Strengthening knowledge, evidence use, and leadership in the Global South on forced displacement: Focus on the Middle East
Some 79.5 million people worldwide are forcibly displaced as a result of persecution, conflict, violence, human rights violations, economic hardships, climate change, and prolonged situations of political fragility. Eighty percent of the world’s forcibly displaced people are hosted in countries in the Global South while almost all of the research that influences policy and practice originates from researchers based in the Global North. Local knowledge is underused.
To address this challenge, this project establishes an inter-disciplinary research chair on forced displacement at the American University in Beirut (AUB), Lebanon, with a focus on the theme of the well-being of displaced children and adolescents.
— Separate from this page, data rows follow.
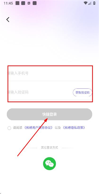 3、在登录页面填写手机号和验证码,勾选协议后,点击快捷登录完成账号登录操作。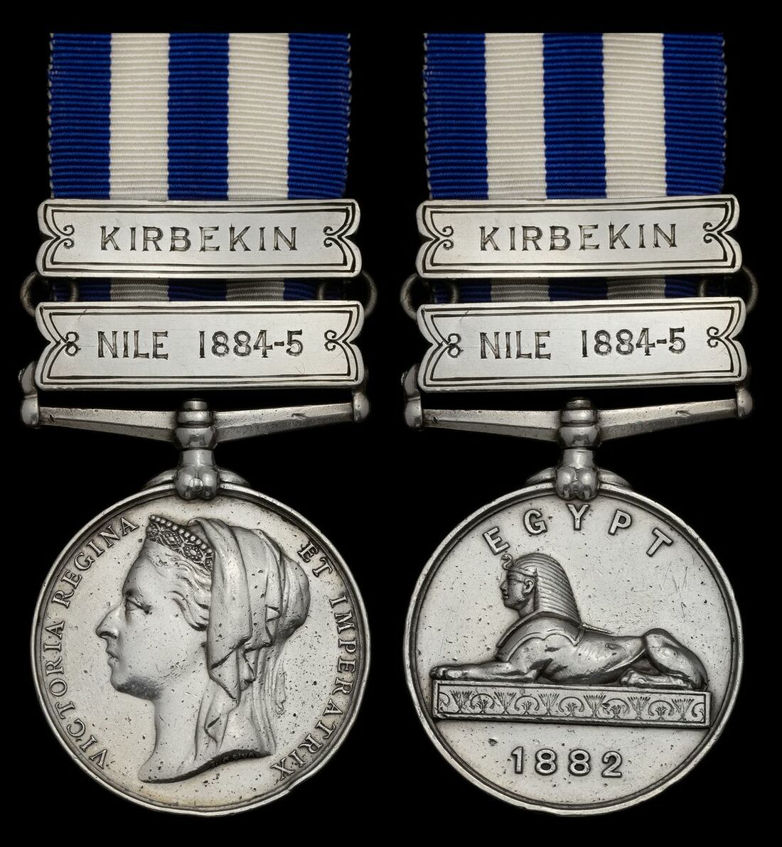 Egypt and Sudan 1882-89, undated reverse, 2 unofficial clasps, The Nile 1884-85, Kirbekan (24 Pte.J. Martin. 2/Derby. R.), pitting from Star, good very fine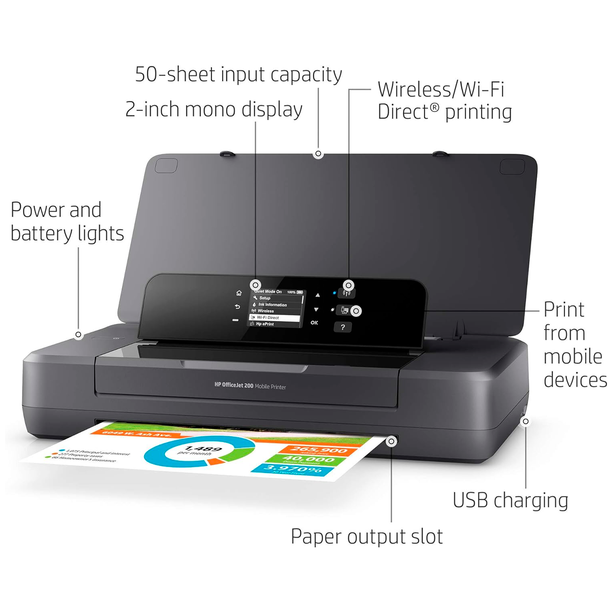 Impresora HP Officejet 200 Mobile Portatil Wi-Fi Color Inkjet CZ993A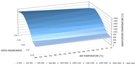 Ratio air/biomass and air temperature as a function of gasification temperature.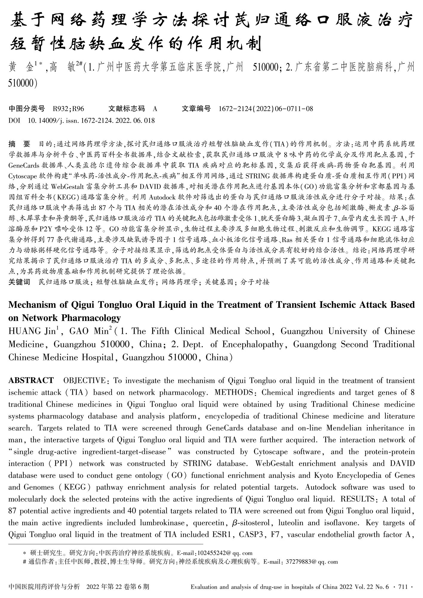 基于网络药理学方法探讨芪归通络口服液治疗短暂性脑缺血发作的作用机制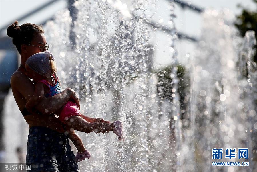 莫斯科遇高温天气 民众喷泉戏水降温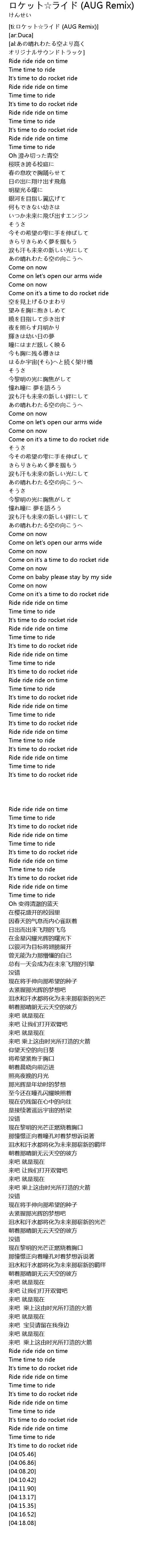 | [ti:ロケット☆ライド (AUG Remix)] | |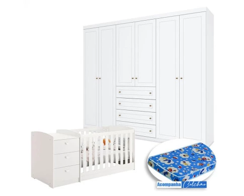 Berço Multifuncional Atlanta e Guarda Roupa 6 Portas Mississipi Branco Fosco Henn com Colchão Ortobom - Reller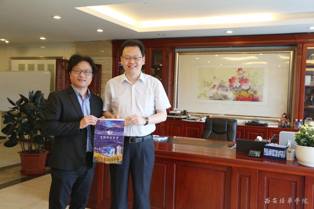 双方在明德楼会议室进行友好座谈,姜波理事长介绍了学校的发展情况,他强调,培华重视与台湾地区高等院校的交流,与国立台湾艺术大学、台湾中原大学、台湾逢甲大学、台湾岭东科技大学等学校都展开了交流合作,与台湾中国科技大学之前也多次进行交流,所以非常欢迎来宾一行的到访,希望可以扩宽双方的合作渠道,加深双方的合作关系,开启大陆和台湾在高等教育方面的合作交流新篇章。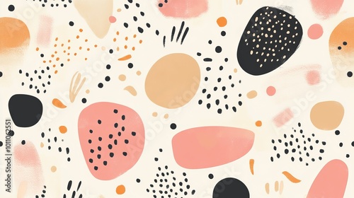Charming doodle pattern background featuring abstract shapes and dots in a modern vector design, ideal for banners, flyers, and cover art, perfect for creative projects and trendy graphic designs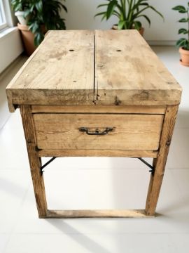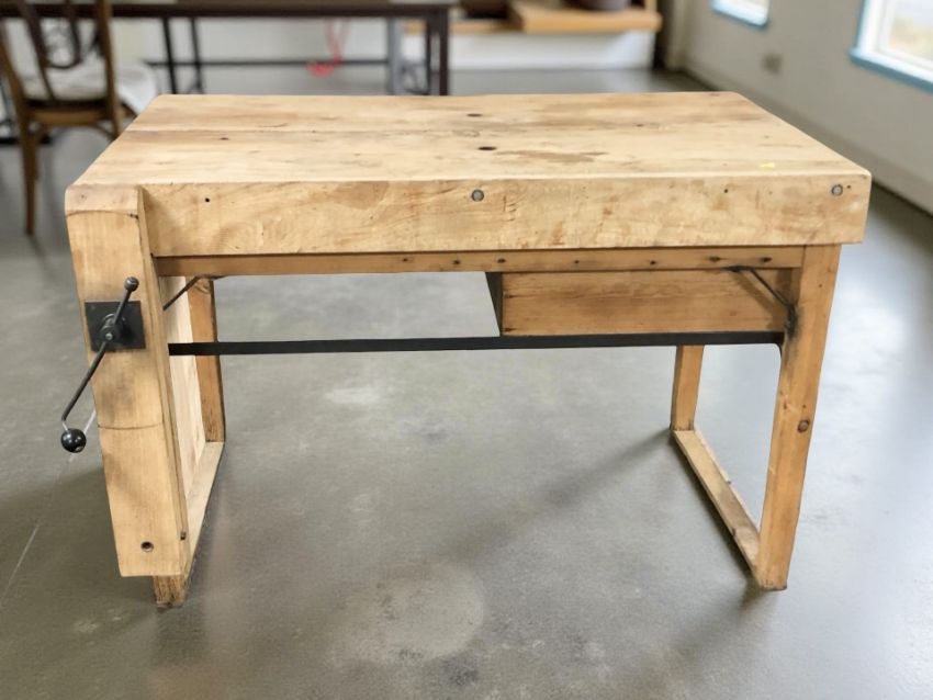 A contemporary reclaimed pine work bench / Butcher's block, fitted with a vice and drawer to one end, 130 cm x 77 cm x 85 cm.

The research chair will focus on how national systems and societies in low- and middle-income countries can address forced-displacement challenges. It will take a multidisciplinary and multi-sectoral approach, not only in terms of health (both physical and psychological) but also in terms of access to educational opportunities and transition to adulthood; the political economy of non-skilled labour to which displaced children and adolescents contribute; and the challenges of fostering sustainable and inclusive economies that reduce gender inequities and mitigate the impacts of environmental stresses.
Concerted and context-informed knowledge production from the university aims to have a significant impact on regional and global debates on forced displacement. The chair and program will also lay the basis for the development of a cross-faculty and multidisciplinary degree program in forced displacement at AUB.
This project is part of a five-year IDRC initiative on forced displacement through support to research chairs in established universities in four regions (the Middle East, East Africa, Central and South America, and South and Southeast Asia). The aim is to empower universities to define research agendas and lead on practical, gender-transformative solutions which promote social, economic, political, and health rights of forcibly displaced persons and host communities in the Global South, while ensuring that Southern voices inform local, regional, and global policy discussions on forced displacement. There will be emphasis on promoting exchanges between the eight research chairs.